GIVEN INFORMATION →
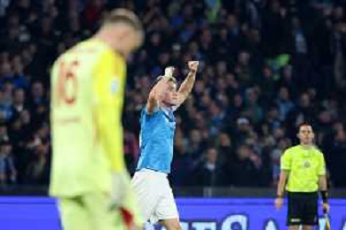 TVPM Napoli, Juventus Nella Foto: gol Rasmus Hojlund Foto Mosca, Ag.Liverani -TVPM Napoli - Juventus Campionato Calcio Serie A 07.12.2025
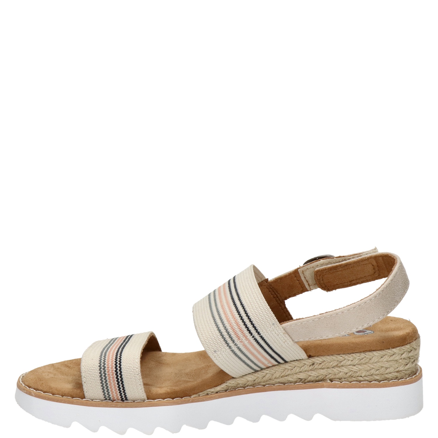 Bobs Desert Kiss dames sandaal Loop er comfortabel en trendy bij op de warme zomerse dagen met deze hippe sandalen van Bobs! Gemaakt van 100% veganistische materialen, met kunstleren bandjes die verstelbaar zijn. De binnenvoering van de bandjes is uitgevoerd in een zacht materiaal van textiel voor extra comfort. Voorzien van een heerlijk zacht en comfortabel Memory Foam voetbed. Het voetbed vormt zich naar de voet en biedt demping gedurende de hele dag. Bevat een rubberen buitenzool met een grof profiel, de zool biedt flexibiliteit en grip tijdens het lopen.
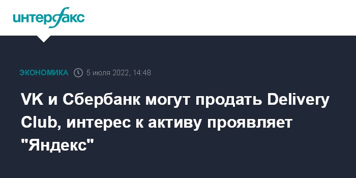 По данным The Bell, продажа Delivery Club пока находится в стадии переговоров, финального решения по сделке нет. При этом "Яндекс" будет готов приобрести сервис доставки еды при условии, что и VK, и Сбербанк будут готовы полностью выйти из Delivery Club.
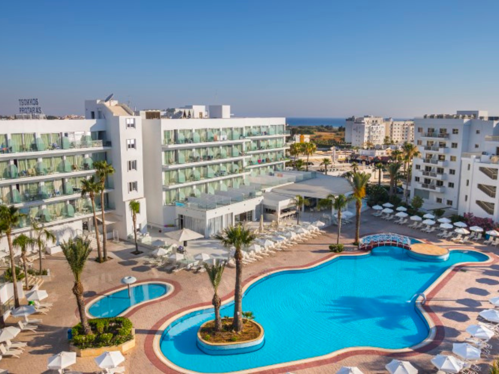 The Tsokkos Protaras Beach Hotel is superbly located in the heart of the Protaras, in a quiet area of the resort, within walking distance of the beautiful golden sandy beach at Protaras Bay. This hotel offers a warm and friendly atmosphere along with a wide array of facilities and well appointed, spacious rooms for those looking for a Greek island holiday. Laze around the pool under the gorgeous Mediterranean sun or head to the beach on your Tsokkos Protaras Beach Hotel holiday.
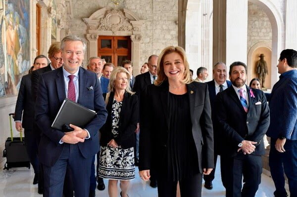 La mandataria estatal, en compañía de Gautier Mignot, embajador de la UE en México; la secretaria de Innovación y Desarrollo Económico, María Angélica Granados Trespalacios y los 12 homólogos de Mignot de distintos países del continente europeo, detallaron que esta visita se lleva a cabo por primera vez en el Estado de Chihuahua para cubrir una agenda económica con el sector privado y el Gobierno del Estado.
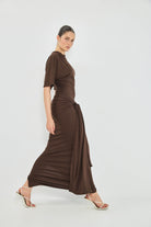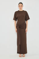שמלה באורך מקסי עם שרוולים באורך מרפק .
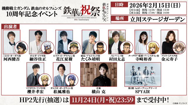 2026年2月15日(日)に立川ステージガーデンにて行われる、『機動戦士ガンダム 鉄血のオルフェンズ』10周年記念プロジェクトのフィナーレイベント「機動戦士ガンダム 鉄血のオルフェンズ 10周年記念イベント -鉄華の祝祭-」のチケット2次先行受付中!
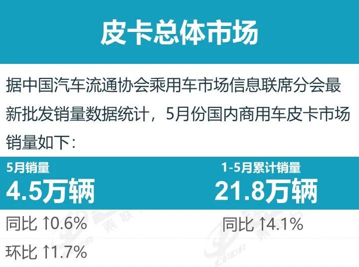 2024 年 5 月份皮卡市场销售 4.5 万辆,同比持平,环比增长 1.7%,处于近 5 年的中高位水平。由于去年 5 月皮卡基数相对稍高,因此 5 月的成绩还算不错。今年 1-5 月的皮卡销量 21.8 万辆,实现同比增长 4.1%,总体表现不错。
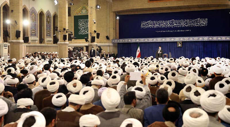 رهبر انقلاب در نکتهای مهم، حضور روحانیت در وسط میدان را کاملاً ضروری خواندند و گفتند: روحانیت اسلام، همیشه امیدوار و پرتحرک و جهادی، در وسط میدان بوده است.
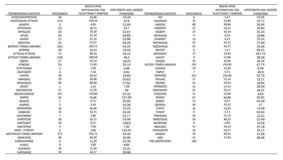 Η κατανομή των 3.772 νέων εγχώριων κρουσμάτων ανά Περιφερειακή Ενότητα παρουσιάζεται στον κατωτέρω πίνακα.
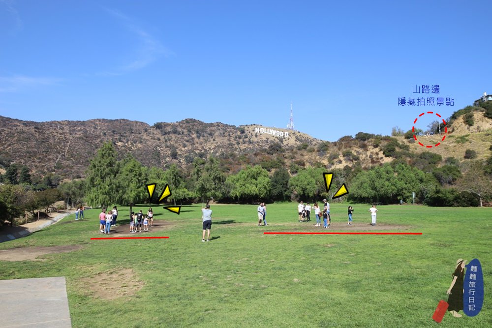 將江~到囉!Hollywood九個字母,超級清楚~而且公園還有綠地,對有帶小孩的村民們來說,安全又好拍攝。

TASK REQUIREMENTS → Pictures in the material above should be skipped; print exactly the lines from the one with "رهبر انقلاب در" through the one with "Η κατανομή των".

SOLUTION TO THIS TASK →
 رهبر انقلاب در نکتهای مهم، حضور روحانیت در وسط میدان را کاملاً ضروری خواندند و گفتند: روحانیت اسلام، همیشه امیدوار و پرتحرک و جهادی، در وسط میدان بوده است.
 Η κατανομή των 3.772 νέων εγχώριων κρουσμάτων ανά Περιφερειακή Ενότητα παρουσιάζεται στον κατωτέρω πίνακα.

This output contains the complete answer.